Ohio State University law professor Garry Jenkins will take over as Minnesota’s law dean on July 31, provided he is approved by the Board of Regents in June, according to a press release and the New York Times DealBook blog. He is a former chief operating officer and general counsel for the Goldman Sachs Foundation.

Jenkins will be taking over at a time when the University of Minnesota law school responded to the drop in applications by cutting enrollment. The size of the school’s 1L class dropped to 174 in the 2015 school year, down from 250 a few years before that.

The school is using university money to supplement law school finances, while cutting staff and delaying hiring for faculty openings, the Times reports. It has also created a Minnesota Law Public Interest Residence Program that allows 3Ls to work in public interest in government jobs where they will work full-time after graduation. The school has also increased financial aid to lower tuition by varying amounts for 90 percent of its students.

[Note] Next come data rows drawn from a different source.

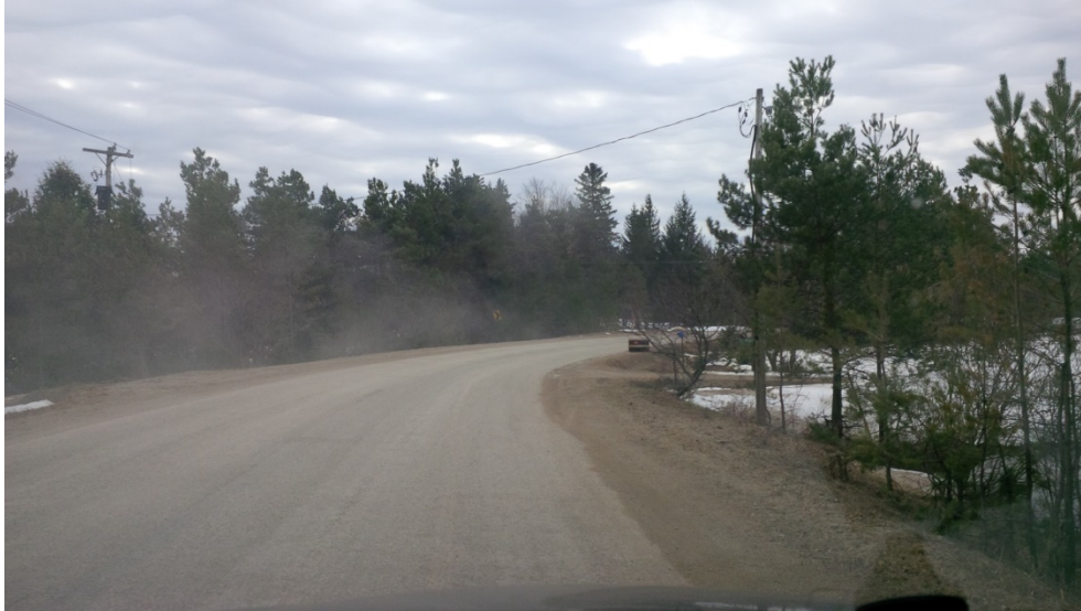
Figure 2: Looking South on South-East Bend of Sideroad 60

During the site visit, a tanker truck was observed to encroach onto the opposing lane while turning along the S-curve of Sideroad 60. Based on that observation, considerations should be given to address horizontal sight line issues along Sideroad 60. Possible solutions include trimming of shrubs and trees within road right of way.
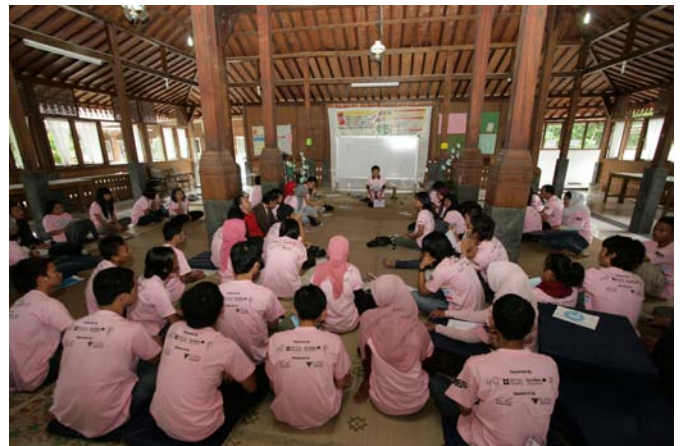
The role of youth in buiding peace and change
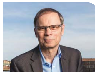
JEAN TIROLE Toulouse School of Economics
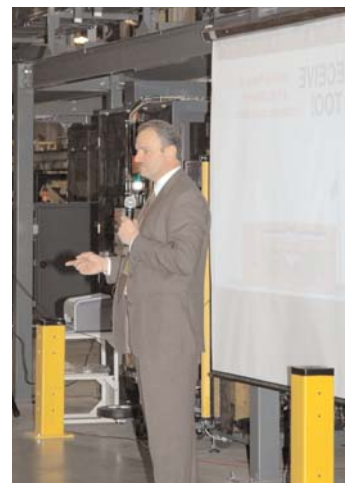
Palatine FSS Tour
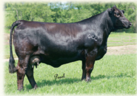
Triple C Lizzie S83L Owned by SVJ Farms, Valerie Mankey, PA Maternal sister to Lots 22 & 22A
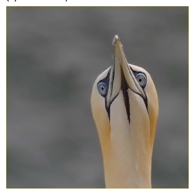
(2) Gannet – Sue Truby
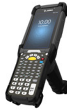
MC9300 Mobile Computer
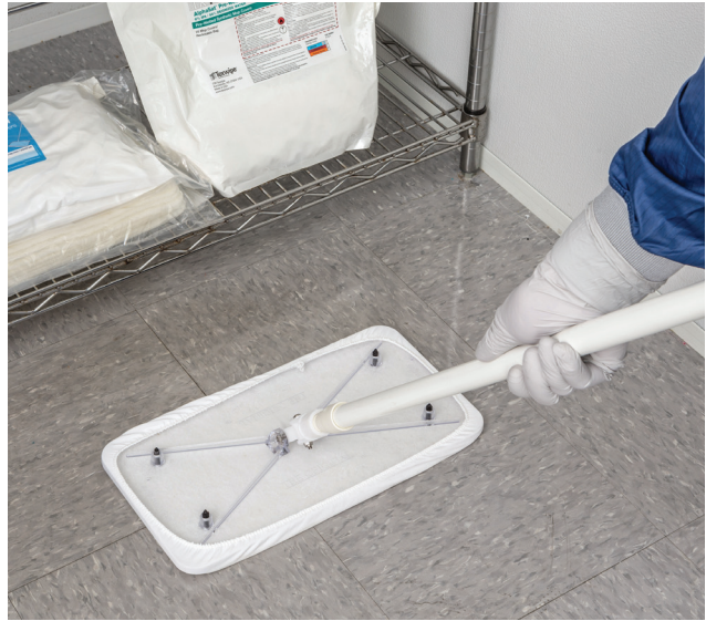
AlphaMop™ 100% Polyester Cover and Pad
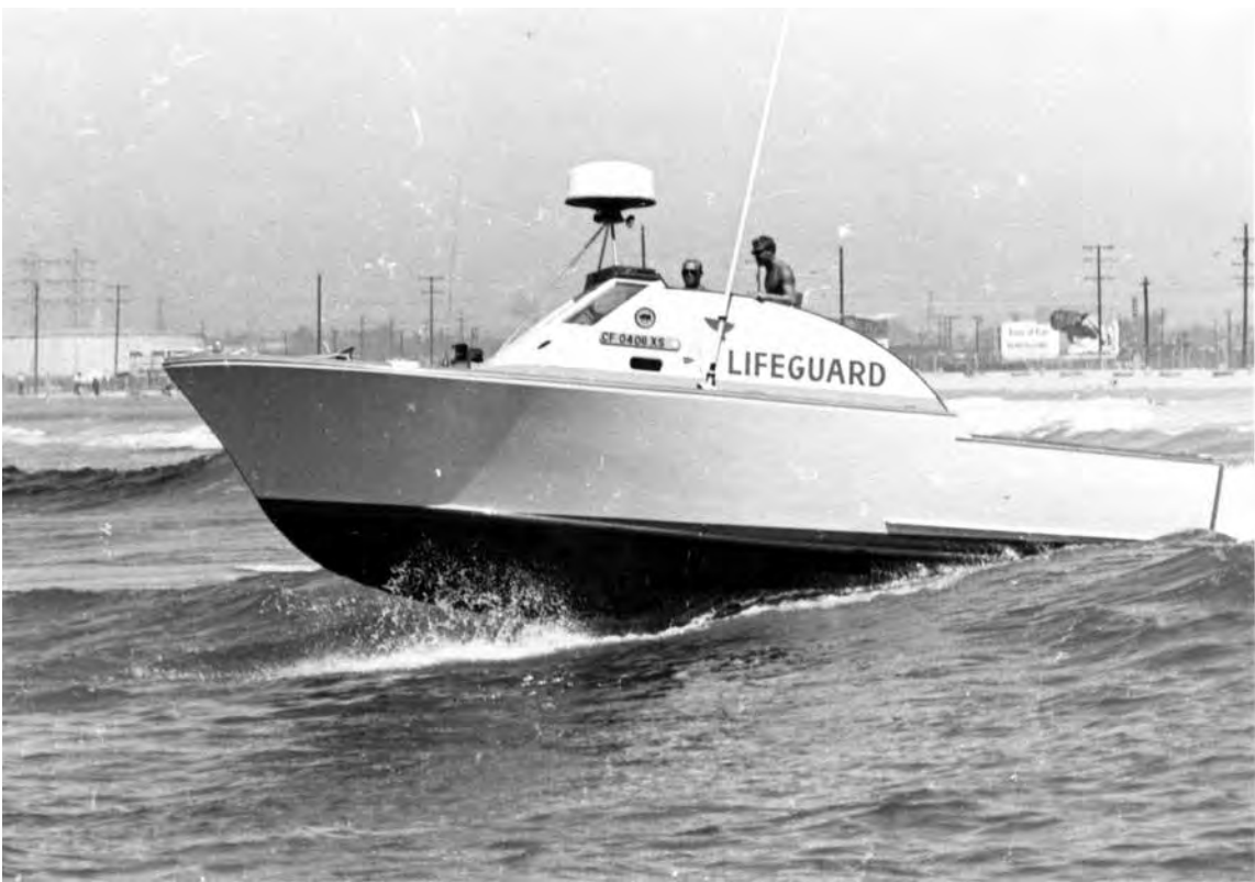
Lifeguard patrol boat.
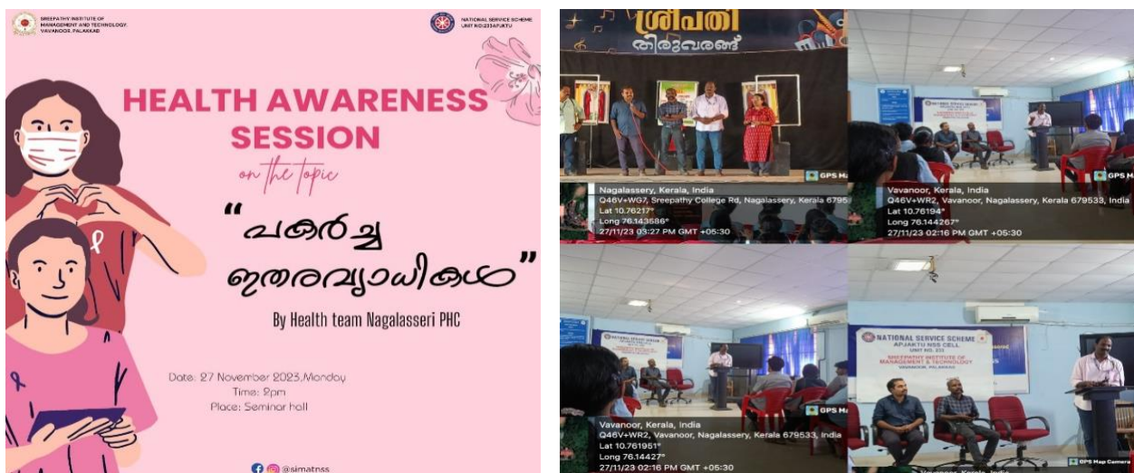
Posters and snaps from the program

Volunteers of NSS unit 233 ,SIMAT conducted a awareness session of 'HEALTH AWARENESS SESSION' on 27th November 2pm to 4pm.The session handled by medical officers( Nagalasseri ,PHC).The session was about spread of contagious diseases and the changes we have to make in our lifestyle to be healthy. Later on they presented an entertaining and informative drama about the influence of fast food and how it affect our physical health.The session windup with vote of thanks .
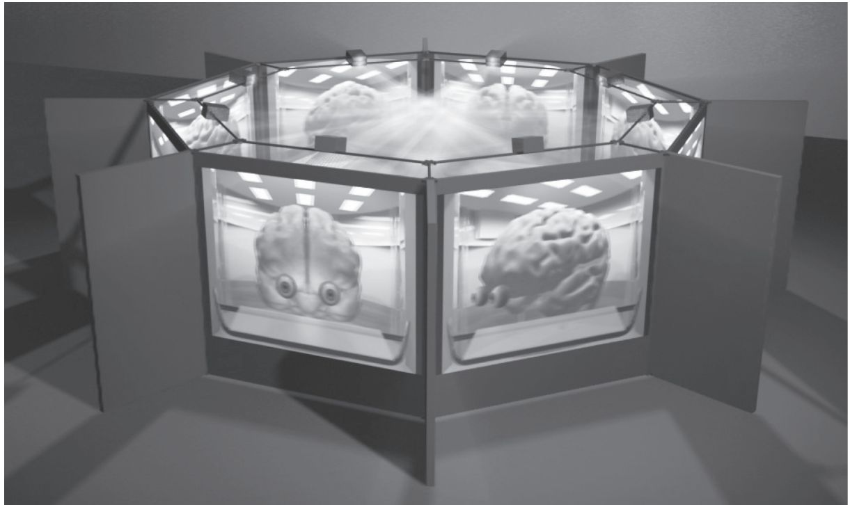
Figure 2 The Virtual Room, an eight-wall, rear-projected stereoscopic system that the audience can walk around in order to see a ‘contained’ version of a dataset.
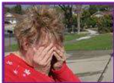
(Staged with Professional Model)
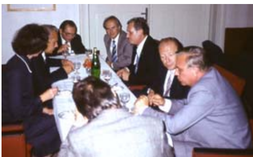
149 Chemistry Faculty in Jena (149)
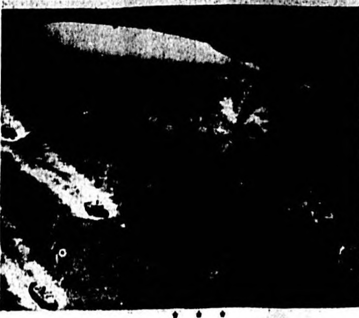
THE PRIDE OF THE FRENCH merchant fleet, the Ile de France majestically sails up New York harbor escorted by fireboats and a U. S. Navy blimp.

NEW YORK Aug. 2—(AP)—People sometimes say: "The only way you can get in the newspapers is to hold up a drugstore or slope with a movie star."
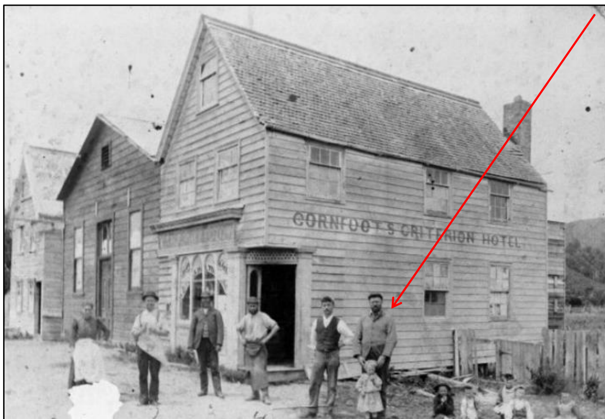
(Reference Upper Hutt City Library recollect website Criterion Hotel P5-87-804)
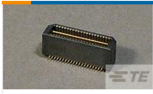
TE Part # 1-1658014-1 MSB0.80PL8ASY28DP,-,10,VCTY
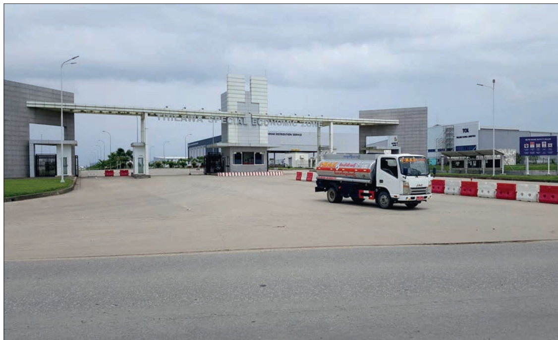
The No. 1 entrance gate of Thilawa Special Economic Zone (SEZ).

of Japanese ODA loans. Once completed, the new facility will facilitate better flows of goods to Thilawa SEZ. In addition, commodities produced in Thilawa SEZ can be transported to different townships in Yangon Region in a rapid manner. Given its strategic location, Thilawa SEZ offers great opportunities
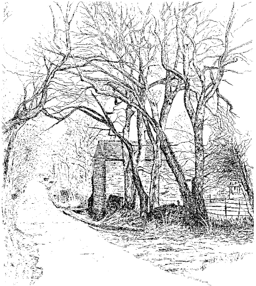
ARTISTS CORNER PENNY LANE

Join in all the fun of the Fayre and ladies; lots of ideas for your christmas present list, also plenty of games to play: Tombola, Bottle Hoopla, Roulette, Raffles, Handicrafts, Baby Bar, Cards, Wrapping Paper, Soft Toys, White Elephant and name a beautiful Baby Doll. Come and have a great afternoon out at St. John's Church Hall, Abbeydale Rd. South, 5th December at 2pm.
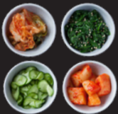
Seasonal Banchan (Korean Side Dishes)
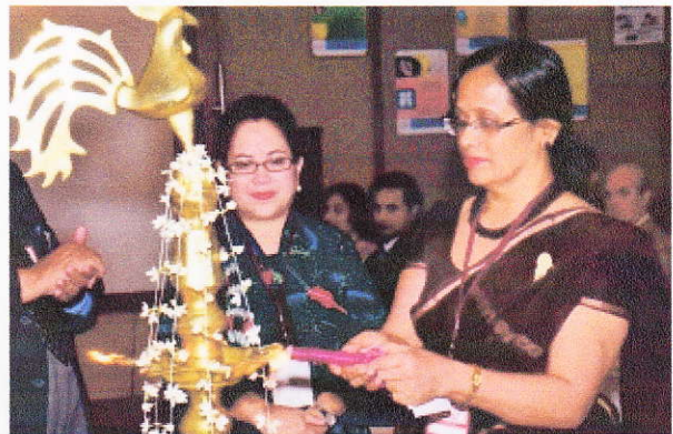
Lighting the Candles as Launch of the Sri Lanka National Program for Prevention of Hearing Impairment 11th Sep 2012
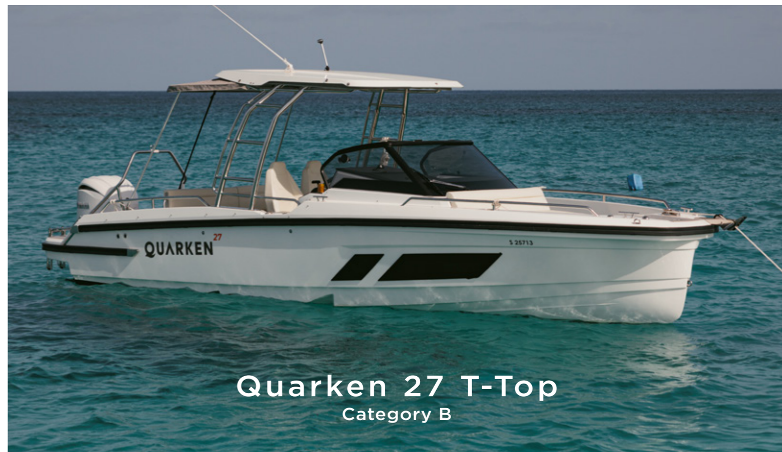
Quarken 27 T-Top Category B
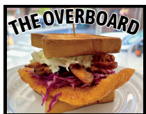
CRISPY FLUKE SANDWICH W/ SLAW, FRIES, & PICKLED CABBAGE $10.00/EA
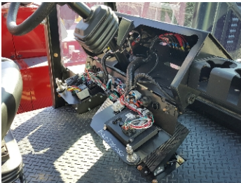
Flip-down Dash with Color/Number Coded Wiring (Standard)

Taylor Lift Trucks are designed with ease of maintenance and serviceability as a key priority. With today's engine and emissions requirements, daily maintenance checks and timely periodic service are the key to your equipment's longevity. All daily checks across the Taylor product line can be accessed from the ground or running board, ensuring that operators can complete these requirements with ease. Also, the sliding hood (on rollers), side service doors and 70 degree tilting cab open to expose the drive train and hydraulics to provide easy access for service and inspection.
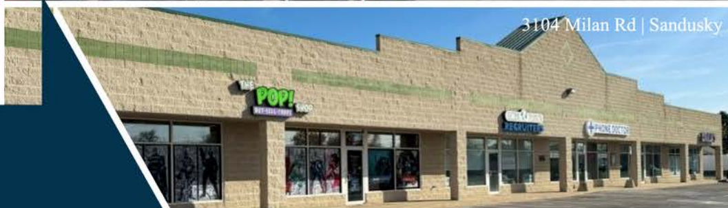
3104 Milan Rd | Sandusky
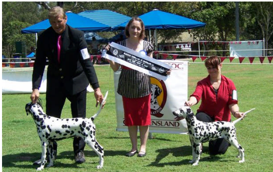
Baby Puppy in Show - Paceaway Kando Kahryzma Opposite Sex—Paceaway Foreign Affair
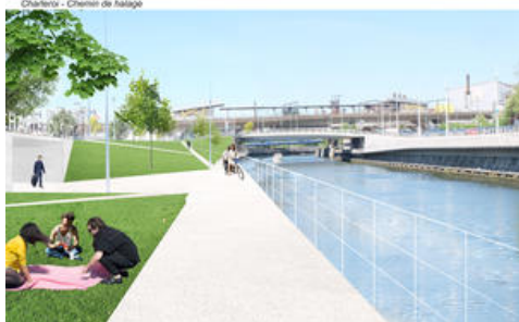
The towpath before and after (competition image)
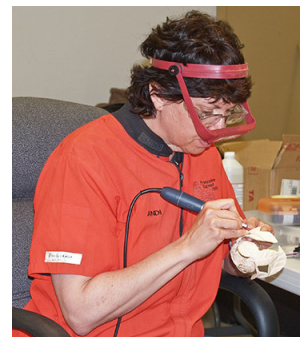
LEFT: The slow learners who required a two day class to learn woodburning and coloring between the lines.

Amid the changes, the school’s U.S. News ranking has fallen to No. 22 (in a tie with two other schools), down from No. 20.

The Times notes that the school has “hometown competition” from other law schools and cites a gloomy assessment by Cleveland-Marshall emeritus law professor David Barnhizer. He asserts that law schools in the Great Lakes and Midwest region are operating in areas that are economically depressed with populations that are static, aging or declining.

Barnhizer told the Times he believes that many lesser-ranked law schools in the region (but not Minnesota’s higher-ranked school) will “simply wither away.”